▶ [Work request]:
Where the data below shows a picture, leave that picture out and copy the rest exactly.

▶ [Dataset content]:
Segment Open
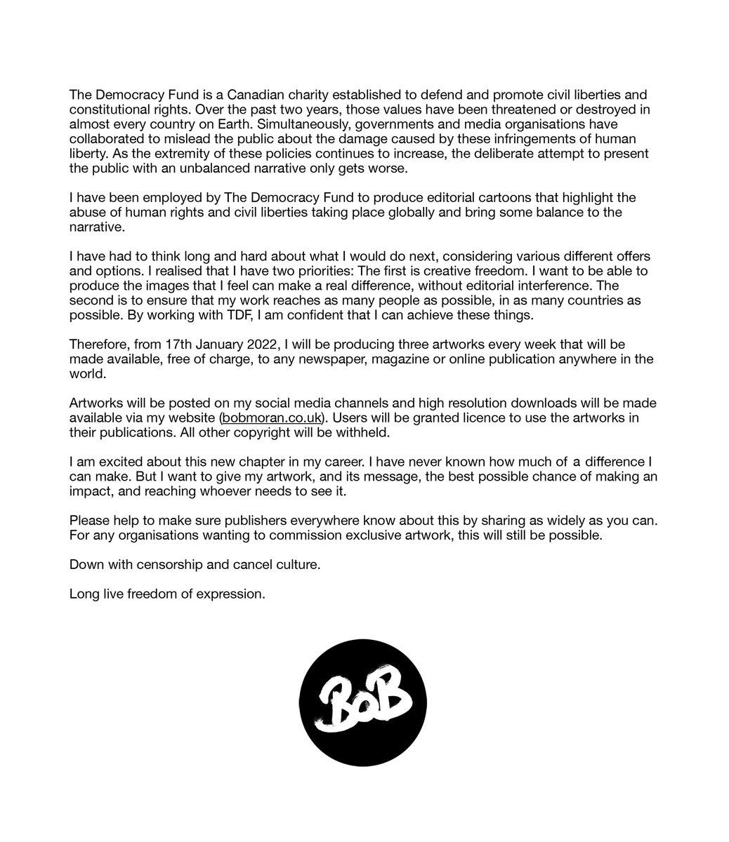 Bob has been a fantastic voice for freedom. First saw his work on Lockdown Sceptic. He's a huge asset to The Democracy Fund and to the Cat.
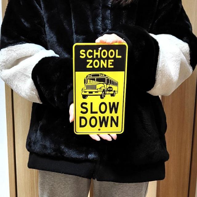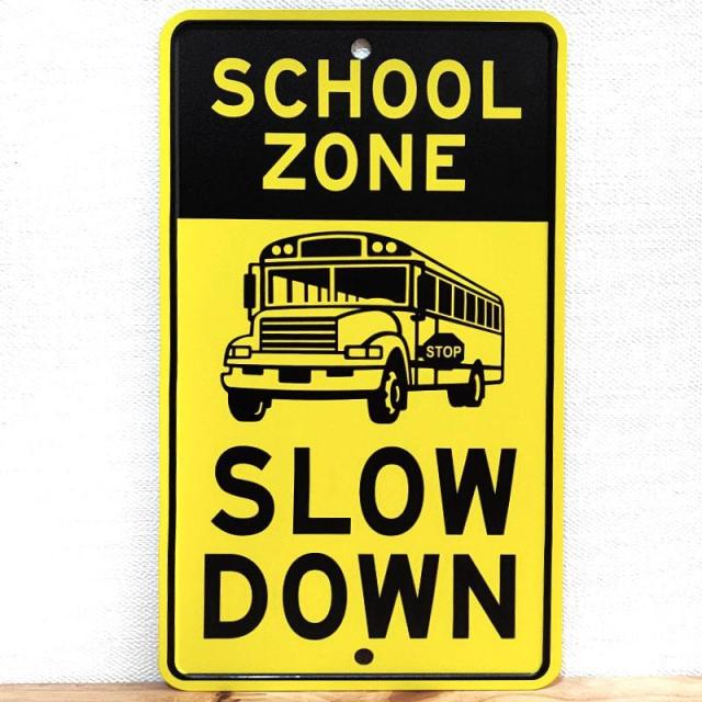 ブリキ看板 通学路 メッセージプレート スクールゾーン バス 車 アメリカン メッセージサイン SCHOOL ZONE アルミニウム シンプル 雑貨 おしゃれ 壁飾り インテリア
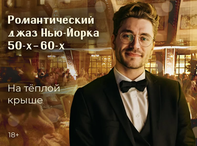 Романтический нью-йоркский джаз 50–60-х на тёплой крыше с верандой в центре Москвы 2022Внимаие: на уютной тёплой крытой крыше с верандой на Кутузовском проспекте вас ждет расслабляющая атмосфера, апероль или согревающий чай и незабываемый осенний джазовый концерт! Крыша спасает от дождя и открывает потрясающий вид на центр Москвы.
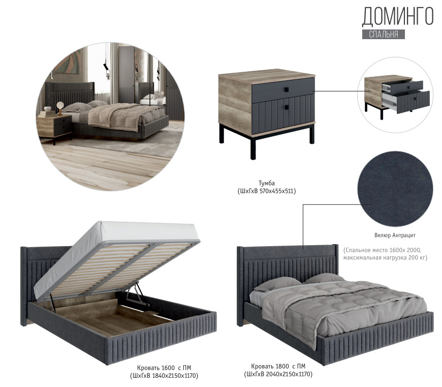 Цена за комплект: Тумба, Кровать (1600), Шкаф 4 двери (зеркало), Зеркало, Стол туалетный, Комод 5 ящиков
Segment Closed
▶ [Exercise response]:
 Bob has been a fantastic voice for freedom. First saw his work on Lockdown Sceptic. He's a huge asset to The Democracy Fund and to the Cat.
 ブリキ看板 通学路 メッセージプレート スクールゾーン バス 車 アメリカン メッセージサイン SCHOOL ZONE アルミニウム シンプル 雑貨 おしゃれ 壁飾り インテリア
 Романтический нью-йоркский джаз 50–60-х на тёплой крыше с верандой в центре Москвы 2022Внимаие: на уютной тёплой крытой крыше с верандой на Кутузовском проспекте вас ждет расслабляющая атмосфера, апероль или согревающий чай и незабываемый осенний джазовый концерт! Крыша спасает от дождя и открывает потрясающий вид на центр Москвы.
 Цена за комплект: Тумба, Кровать (1600), Шкаф 4 двери (зеркало), Зеркало, Стол туалетный, Комод 5 ящиков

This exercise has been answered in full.